Re: Question on pole-zero cancellation
- From: "Rune Allnor" <allnor@xxxxxxxxxxxx>
- Date: 7 Jun 2006 14:19:56 -0700
Oli Filth skrev:
Rune Allnor said the following on 07/06/2006 21:20:
Oli Filth skrev:
Take as a simple example the moving-sum filter:
H(z) = 1 - z^-L
--------
1 - z^-1
The numerator includes a zero at DC, the denominator gives a pole at DC,
and so these cancel, giving non-zero response at DC.
However, if we implement the filter recursively:
(I hope my ASCII art comes out ok...)
+------+
---+--->| z^-L |------+
| +------+ | -
| v
+----------------->0-----------------+----->
^ |
| +------+ |
+-----| z^-1 |<---+
+------+
This is equivalent to:
+------+
---+--->| z^-L |------+
| +------+ | -
| v
+----------------->0--->0-----------------+----->
^ |
| +------+ |
+-----| z^-1 |<---+
+------+
i.e. implementing the feedforward section before the feedback section,
and doing the two additions separately.
The feedforward section has already killed the DC component, so we can't
recover it.
So my question is, how does the recursive moving-sum filter manage to
work (and we know it does), if it appears to be exactly equivalent to
something that blocks DC?
Because the zero at DC is exactly cancelled by a pole.
Indeed, this is mathematically the case. But if we implement the
unit-circle zero first, then the output of that section contains a
perfect spectral null. If you put in a true DC signal, the output will
be zero. Once that's happened, no amount of subsequent gain can recover
the signal at that frequency, not even the infinite gain that a pole
provides.
There are two different, although formally equivalent, representations
and two different implementations. See below.
Note that the
second block scheme of yours is an expanded representation of the
total system, not the actual system.
I'm not sure what you mean. The two block diagrams are the *exact* same
system, and both explicitly implement:
y[n] = y[n-1] + x[n] - x[n-L]
No. Your pole-zero cirquit implements this difference equation.
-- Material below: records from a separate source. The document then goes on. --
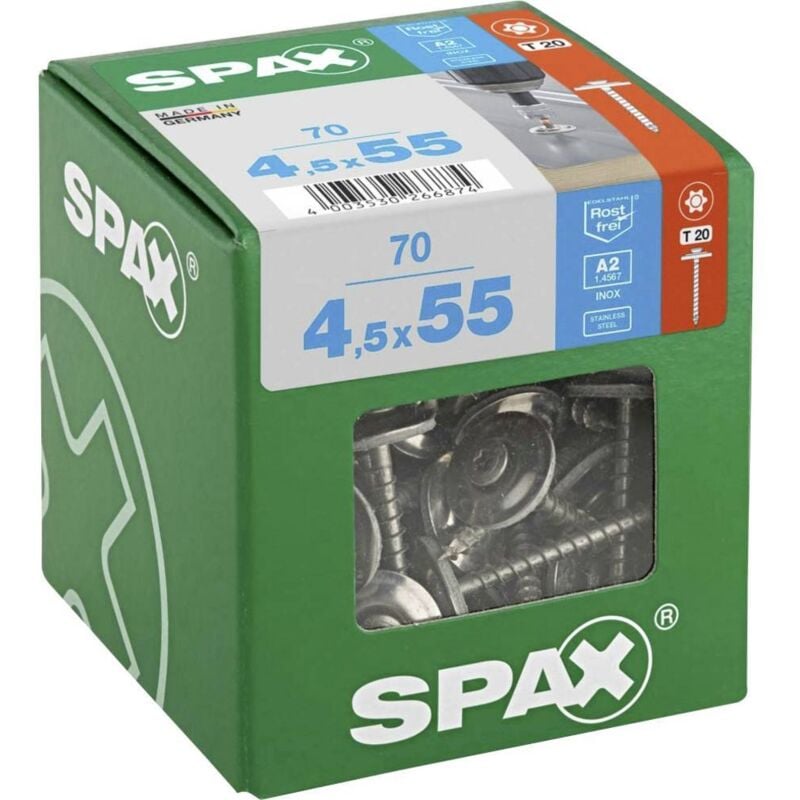 Spax Vite da lattoniere acciaio inossidabile A2, 4,5 x 55 mm, 70 Stk. Dimensioni: 4,5 x 55 mmQuantità: 70 Stk. Numero dell'articolo: 4577000450556EAN: 4003530266874 Lunghezza della filettatura: 47 mm Dimensione della lama: T20 Diametro della testa: 8 mm Lunghezza totale: 55 mm Descrizione La particolare impronta l'attacco è una cosiddetta testa svasata a cava esalobata. Rispetto ai tipi di attacchi meno precisi come Phillips o intaglio a croce, la superficie di attacco della nostra T-STAR plus è molto più grande e i bit T-STAR si innestano nella testa della vite sempre in modo ottimale. La massima e precisa trasmissione della forza dall'avvitatore alla vite che ne risulta tramite T-STAR plus consente di lavorare in modo facile, enormemente rapido e molto più efficiente rispetto a tutti gli altri attacchi.Per voi questo significa: il fastidioso slittamento del bit dalla testa della vite appartiene al passato e si possono realizzare interi avvitamenti in serie in brevissimo tempo!
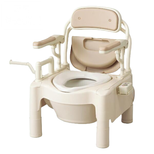 樹脂製ポータブルトイレ”ちびくまくん”シリーズのひじ掛けはねあげ式タイプです。移乗動作がスムーズに行えます。ひじ掛けはね上げタイプの中でも最小クラスの本体幅55cmです。
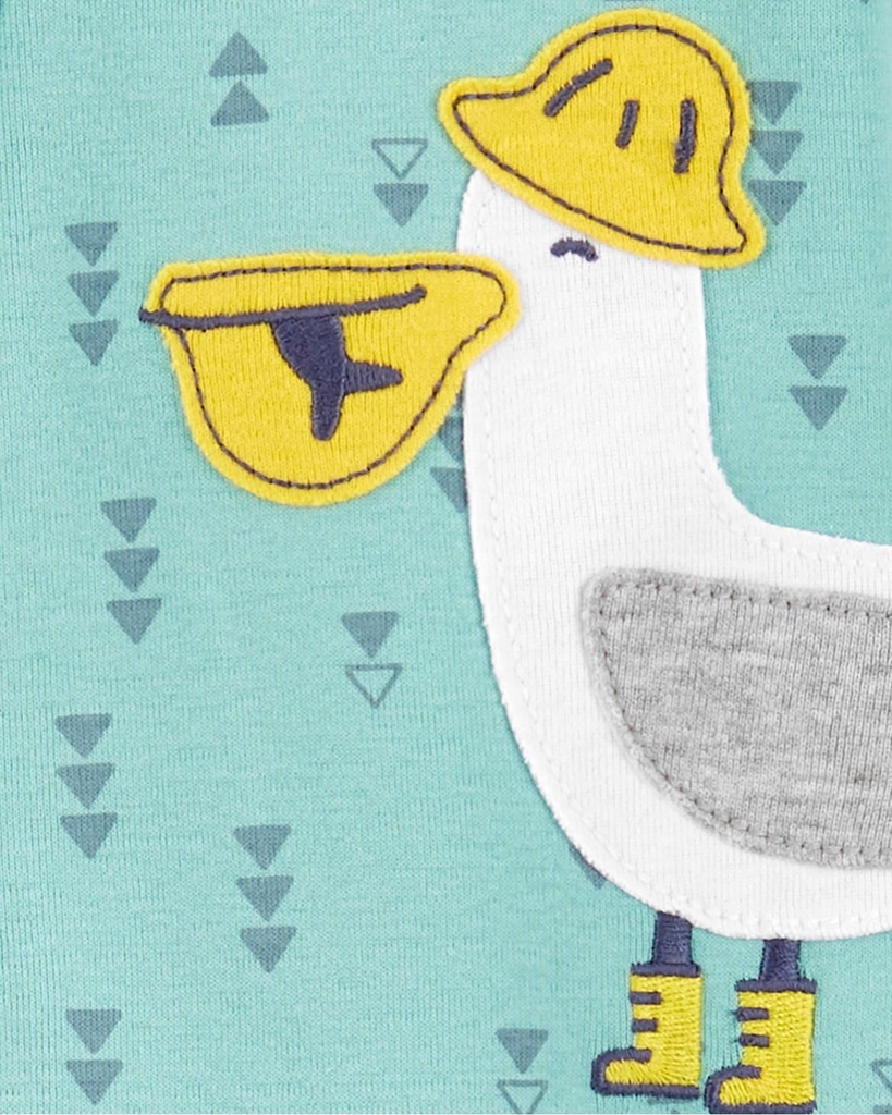O Macacão pijama bebê pelicano Carter's veio para deixar seu filho ainda mais fofinho e confortável. A peça é feita de algodão, conta com segurança por conta de seu fechamento por zíper com martingale e seu charminho está no patch aplicado de bichinhos. Uma verdadeira fofura! Ideal tanto para o dia, quanto para ele descansar. Aposte!

The moving-sum filter can also be implemented as
y[n] = x[n] + x[n-1] + ... + x[n-L].
This one has no problems with DC. The one above has, along with
the possibly imperfect pole-zero cancellation.
You can multiply any number by 1,
no matter how the factor 1 is represented, provided the representation
is exact.
Any transfer function H(z) can be expanded in a similar way:
H(z) = 1*H(z) = (1-z)/(1-z)*H(z)
(* means multiplication) and we have the same "paradox" you
found above.
I don't disagree. But conceptually, how do we resolve the paradox?
By factoring out the poles and zeros that cancel before we implement
what remains. In stead of multiplying with (1-z)/(1-z), multiply by 1.
Imagine another example, a channel equaliser. If the (noiseless)
channel contains a spectral null (e^{j.theta} - z) for some theta, what
equaliser would we use to recover a component at theta? I don't think
that 1/(e^{j.omega} - z) would be very useful, even though
mathematically it cancels the channel response. So why does it work above?
These are two diffreent problems. With the equalizer, the system only
contains the zero. The pole has to be introduced from somewhere,
which turns out to be all but impossible in practice. With the
moving-sum
filter, the pole and zero are introduced by analytical manipulations.
Big difference.
Rune
.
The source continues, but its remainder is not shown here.